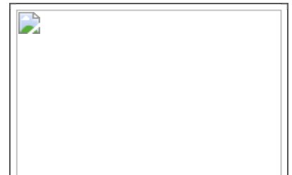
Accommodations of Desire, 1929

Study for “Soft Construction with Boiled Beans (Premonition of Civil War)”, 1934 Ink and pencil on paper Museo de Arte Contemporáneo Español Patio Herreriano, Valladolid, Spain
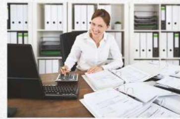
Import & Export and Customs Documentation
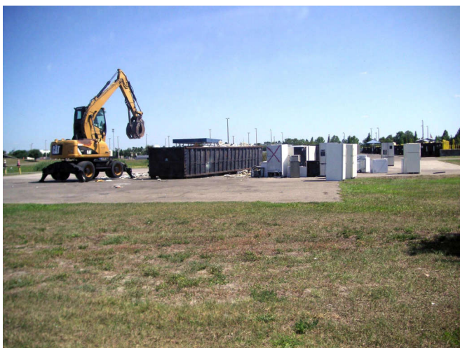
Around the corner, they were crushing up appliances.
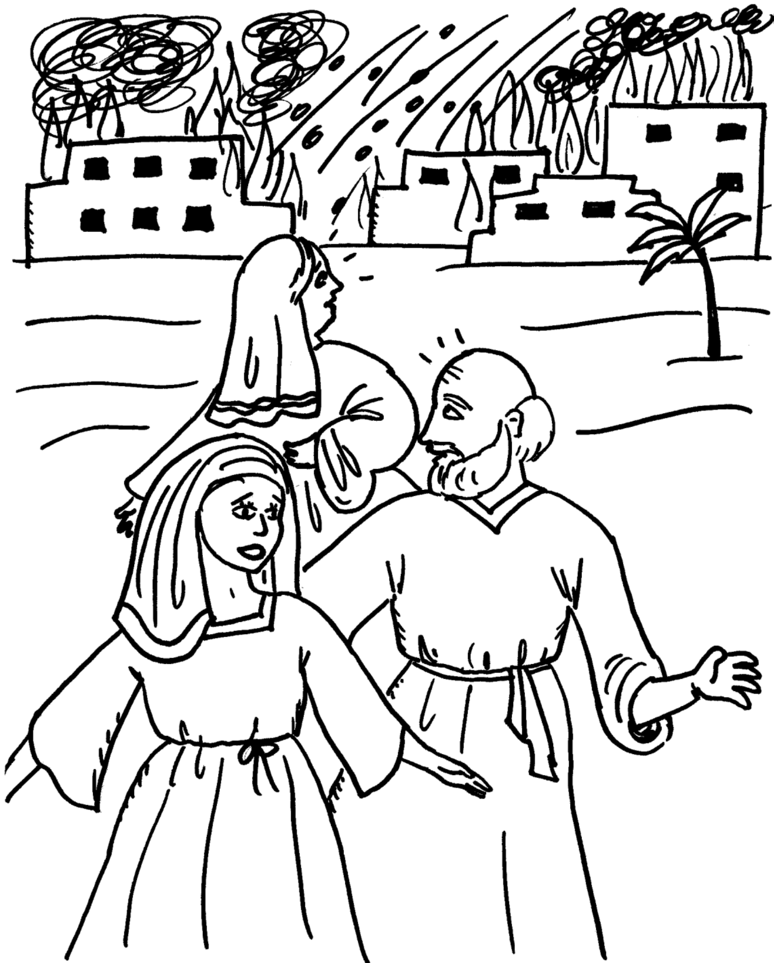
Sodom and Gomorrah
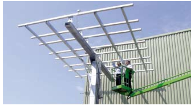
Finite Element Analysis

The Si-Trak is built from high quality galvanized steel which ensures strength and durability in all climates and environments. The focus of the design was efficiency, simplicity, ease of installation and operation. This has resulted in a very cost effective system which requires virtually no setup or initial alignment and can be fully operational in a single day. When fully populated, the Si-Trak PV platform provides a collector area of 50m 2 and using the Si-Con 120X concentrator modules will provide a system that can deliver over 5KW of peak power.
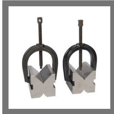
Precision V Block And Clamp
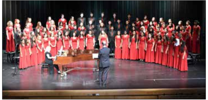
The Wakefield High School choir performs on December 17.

----------------

Problem to work on: Everything in the records above should be retyped exactly except the pictures.

Output for this exercise:
Accommodations of Desire, 1929

Study for “Soft Construction with Boiled Beans (Premonition of Civil War)”, 1934 Ink and pencil on paper Museo de Arte Contemporáneo Español Patio Herreriano, Valladolid, Spain
Import & Export and Customs Documentation
Around the corner, they were crushing up appliances.
Sodom and Gomorrah
Finite Element Analysis

The Si-Trak is built from high quality galvanized steel which ensures strength and durability in all climates and environments. The focus of the design was efficiency, simplicity, ease of installation and operation. This has resulted in a very cost effective system which requires virtually no setup or initial alignment and can be fully operational in a single day. When fully populated, the Si-Trak PV platform provides a collector area of 50m 2 and using the Si-Con 120X concentrator modules will provide a system that can deliver over 5KW of peak power.
Precision V Block And Clamp
The Wakefield High School choir performs on December 17.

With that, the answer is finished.